Three men employed by one of the largest trading card retailers in the sports memorabilia industry have been handed prison sentences and ordered to pay restitution for using a computer software flaw to steal $1.3 million worth of trading card boxes from Dave & Adam’s Card World in 2013 and 2014.
Last September, all three men pleaded guilty to second degree grand larceny in the case.
The Erie County (NY) District Attorney’s Office told Sports Collectors Daily that Aaron Hollars was sentenced Friday to 2-6 years in state prison and over $759,000 in restitution. He received credit for $60,000 in cards he returned to the business following his arrest.
David Woods was sentenced to 1-3 years and $364,715 in restitution. Woods was given $20,000 credit for returned product.
Anthony Martone will spend six months behind bars and five years on probation for his role in the thefts. He will also pay $82,319 in restitution following the return of $20,000 in product to the business.
All three men are in their 20s and 30s.
The district attorney’s office says that between January 1, 2013 and July 17, 2014, the men stole massive amounts of product from Dave and Adam’s, where they had been employed as managers or assistant managers. Prosecutors say they the men found a loophole in the software used to process retail transactions, enabling them to use personal credit cards to take multiple boxes of cards while only paying for one. Exploiting the problem, they stole large numbers of boxes before being discovered.
The Erie County Sheriff’s Office investigated the case and made the arrests.
According to the Buffalo News, Hollars learned he could ring up the sale of a single box of cards, charge it to a credit card, then purchase additional boxes without being charged.

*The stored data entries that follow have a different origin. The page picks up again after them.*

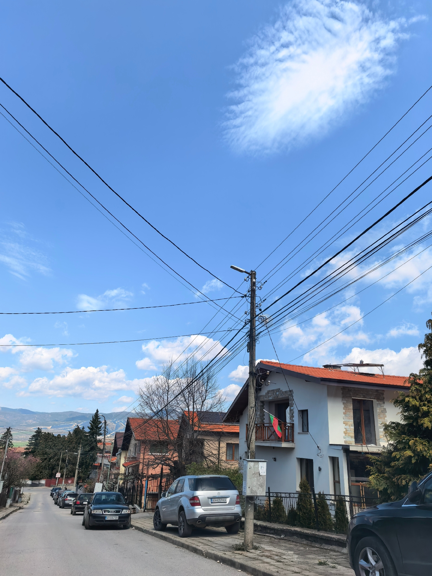 The image depicts a residential street in an urban area. A row of parked cars lines the left side of the street, including several dark-colored sedans and an Audi with the license plate "KH8467DI". On…read more
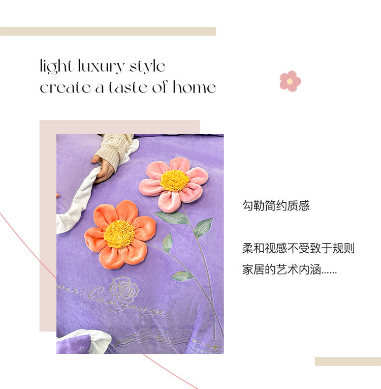 商品名称:9斤高端韩版少女心法式公主风贴布绣花牛奶绒四件套小清新绒兔毛绒法莱绒床盖被套丝绒兔毛绒法莱绒床盖被套 潘多拉—梦幻紫
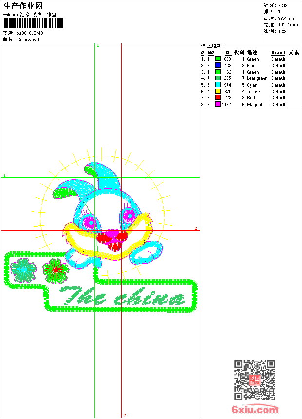 - 版带文件需绣花软件方可打开,可配色打印导出各种格式或直接上机绣。如无绣花软件可下载1:1模拟效果图。
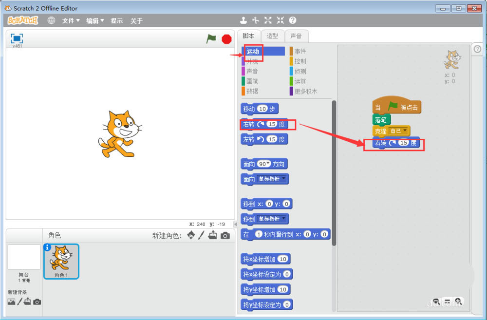 6、點(diǎn)運(yùn)動(dòng),將旋轉(zhuǎn)命令拉到腳本中;
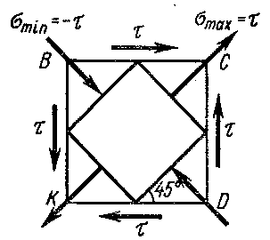 Если на гранях элемента действуют только касательные напряжения (рис.12.1), то такой вид напряженного состояния называется чистым сдвигом. Площадки, по которым действуют только касательные напряжения, называются площадками чистого сдвига.
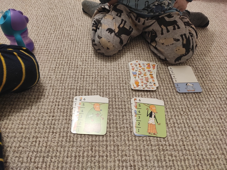 Отдельно со старшим сыграли в "Этажики", он по-прежнему считает ее самой любой игрой, а мне нравится видеть, что с каждой партией он все быстрее и быстрее считает в уме.
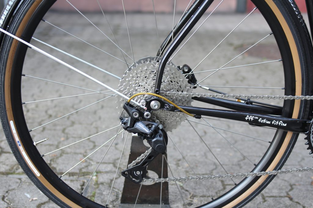 ギアはフロントシングル(40T)、リア(11-42T)10速の組み合わせで、ブレーキは機械式ディスクです。
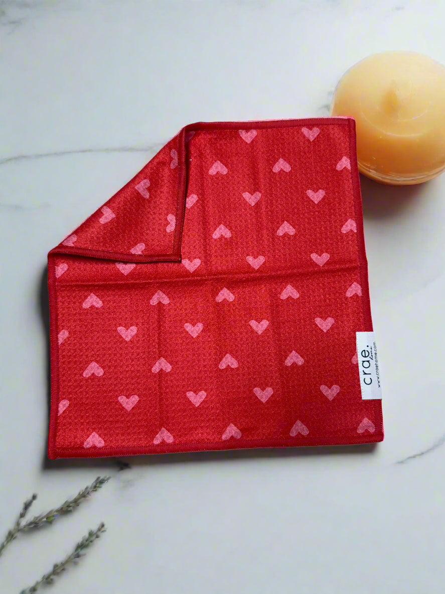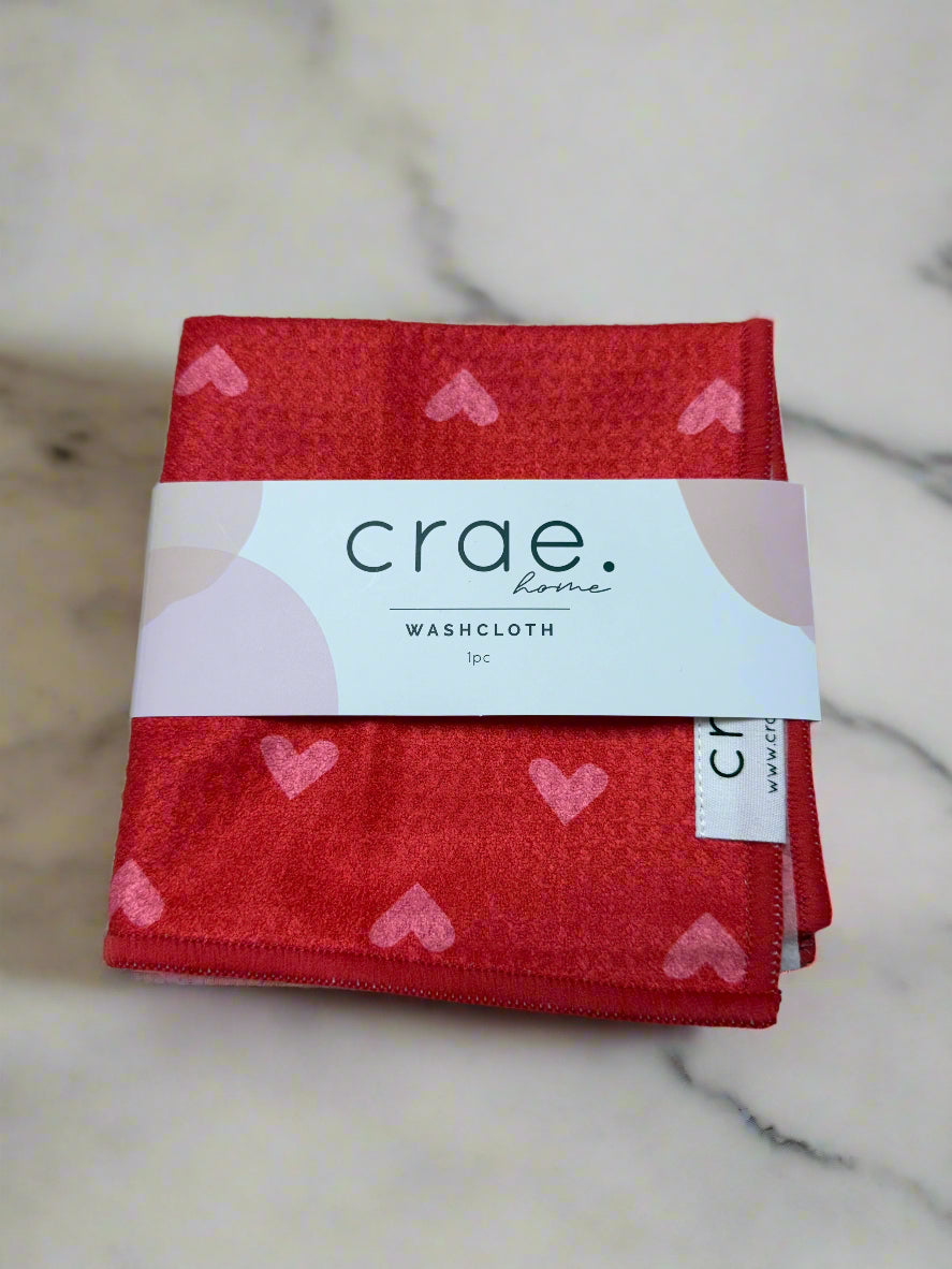 Hearts Microfiber Washcloth, Red/Pink | Crae Home
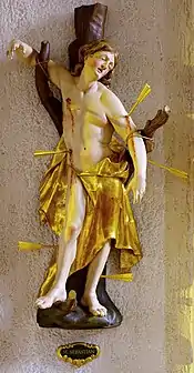 Between 1738 and 1741, he created figures of the Twelve Apostles and St. Paul for the high altar in the new parish church at St. Margarethe Monastery.[3] Later, the altar was remodeled to reflect the popular Rococo style, but his figures were left intact. They are among the few sculptures he created in stucco, rather than wood.[4]

He then told the others while they were having drinks at a local establishment. The men sold some of those stolen boxes on eBay and retained others.
“They could have been human beings and told us about it, but instead they decided to become criminals,” Dave & Adam’s co-owner Adam Martin told the newspaper. Martin said if the men had discovered the flaw and reported it, they would have been given bonuses.
All three appeared remorseful in court and according to the newspaper, families of the three members cried as each spoke to Judge Kenneth Case.
“I just want to deeply apologize to everyone involved, especially Dave Martin and Adam Silver and everybody else that is affected. This was not me,” Hollars stated. “I’ve been getting treatment, I want to continue to get treatment because regardless of what happened I don’t want anything else like this to happen to me.”
Martin told the newspaper his company survived the loss of product because of its robust online sales but indicated the thefts resulted in job losses and layoffs while the business took a major financial hit.
Judge Case called the $1.3 million theft “a major heist” and a “betrayal” by the men of the company that employed them.
“They built a successful business from nothing … and the three of you almost destroyed that success story,” he said.
The charges were the highest for which the three could have been convicted had the case gone to trial. In other words, they were prosecuted to the fullest extent of the law and did not receive a plea bargain.